The generation of an immunosuppressive microenvironment by soluble factors in head and neck squamous cell carcinoma

Abstract

Tumour infiltrating lymphocytes (TIL) in head neck squamous cell carcinoma (HNSCC) are enriched in Treg, a finding confirmed in the current study, which is thought to be a contributing factor to immunosuppression and tumour evasion. Soluble factors released by malignant HNSCC cells may contribute to the enrichment of Treg by inducing differentiation from naïve T cells and their migration to the tumour.

Using multi-colour flow cytometry, increases in CD4⁺CD25ʰⁱ, CD4⁺CD25⁺CD39⁺, CD4⁺CD25⁺CD26⁻ and CD4⁺CD25⁺FoxP3⁺ Treg phenotypes were observed in TIL from HNSCC compared to PBMC. Following culture of CD4⁺CD25⁻ T cells with conditioned medium (CM) collected from dispersed tumour samples, there was an increase in CD39 expression but not FoxP3 compared to control cultures that were cultured in complete growth medium. Furthermore these cells were unable to suppress the proliferation of CD4⁺CD25⁻ T cells in CFSE assays. Soluble factors in CM from UMSCC cell lines and tumour-derived fibroblasts were unable to induce the expression of any Treg markers following culture with CD4⁺CD25⁻ T cells. Culture with CM also had no effect on T cell apoptosis, with no significant increase in PI-AnexinV⁺ of CaspACE-binding in T cells cultured with CM compared to controls.
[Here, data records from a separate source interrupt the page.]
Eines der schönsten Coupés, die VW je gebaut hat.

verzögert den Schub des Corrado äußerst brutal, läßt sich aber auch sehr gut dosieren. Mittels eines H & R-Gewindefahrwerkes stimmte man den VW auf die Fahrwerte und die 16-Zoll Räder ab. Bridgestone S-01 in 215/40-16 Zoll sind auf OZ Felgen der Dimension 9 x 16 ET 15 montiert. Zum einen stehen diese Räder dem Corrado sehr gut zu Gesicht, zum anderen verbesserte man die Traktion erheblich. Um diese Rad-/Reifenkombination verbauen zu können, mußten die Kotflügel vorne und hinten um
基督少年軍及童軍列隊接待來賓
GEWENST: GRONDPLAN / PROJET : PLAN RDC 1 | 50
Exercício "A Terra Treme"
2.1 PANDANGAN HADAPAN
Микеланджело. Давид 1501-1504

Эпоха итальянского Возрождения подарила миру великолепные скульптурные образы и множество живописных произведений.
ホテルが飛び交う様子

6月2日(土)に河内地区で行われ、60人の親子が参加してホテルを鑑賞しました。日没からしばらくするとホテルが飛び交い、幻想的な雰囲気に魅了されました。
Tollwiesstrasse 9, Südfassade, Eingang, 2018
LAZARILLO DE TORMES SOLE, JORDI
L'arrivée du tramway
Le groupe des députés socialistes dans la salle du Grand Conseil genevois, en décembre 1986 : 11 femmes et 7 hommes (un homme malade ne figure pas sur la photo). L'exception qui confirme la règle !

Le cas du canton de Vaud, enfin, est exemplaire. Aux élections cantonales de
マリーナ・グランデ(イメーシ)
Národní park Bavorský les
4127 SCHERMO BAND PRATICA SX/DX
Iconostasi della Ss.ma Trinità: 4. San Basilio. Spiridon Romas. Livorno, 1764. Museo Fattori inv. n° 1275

The expression of the chemokine receptors, CXCR3, CCR4, CCR5 and CCR6 was analysed on T cell populations from HNSCC PBMC and TIL and healthy control PBMC using five-colour flow cytometry. Increased proportions of CXCR3⁺ and CCR5⁺ T cells were observed in HNSCC TIL compared to HNSCC PBMC but were no different between the patient and healthy control PBMC. CCR4 and CCR6 were expressed on a higher proportion of Treg from HNSCC PBMC compared to healthy controls but no difference was observed on CTL. In TIL the percentage expression of CCR4 and CCR6 were no different in that of HNSCC patient PBMC. Despite these observed differences in receptor expression, soluble factors in tumour dispersed CM was unable to induce T cell chemotaxis. Overall, although limited effects were observed from soluble factors in tumour CM, the different expression of chemokine receptors suggests there may be a role for soluble factors in Treg recruitment. However whether this is responsible for Treg accumulation or general to all T cells is unclear.